Or this just gets the text without the timestamps:
yt-dlp --skip-download --write-auto-sub --sub-format json3 $youtube_url_or_id;jq -r '.events[]|select(.segs and.segs[0].utf8!="\n")|[.segs[].utf8]|join("")' *json3|paste -sd\ -|fold -sw60
youtube-dl
As of 2022, the format of the VTT and TTML downloaded by youtube-dl --write-auto-sub is messed up so that all subtitle texts are placed under a few long lines so that the timestamps of the subtitles are not visible.
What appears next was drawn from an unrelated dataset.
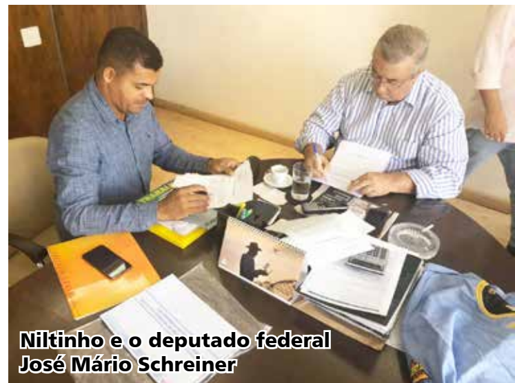
Niltinho e o deputado federal José Mário Schreiner

Câmara dos Deputados – Área 15 – Gabinete 507 República com as Estrelas Brasília DF – CEP: 70160-900 Fone: 61 3019 1967 http://www.camara.gov.br/legisla/041

If you don't need the timestamps, then it shouldn't matter, but otherwise you can fix it by substituting yt-dlp for youtube-dl in the following commands. But with yt-dlp, you can also use a more convenient JSON format, so you don't need the following approach to deal with the VTT subtitle format.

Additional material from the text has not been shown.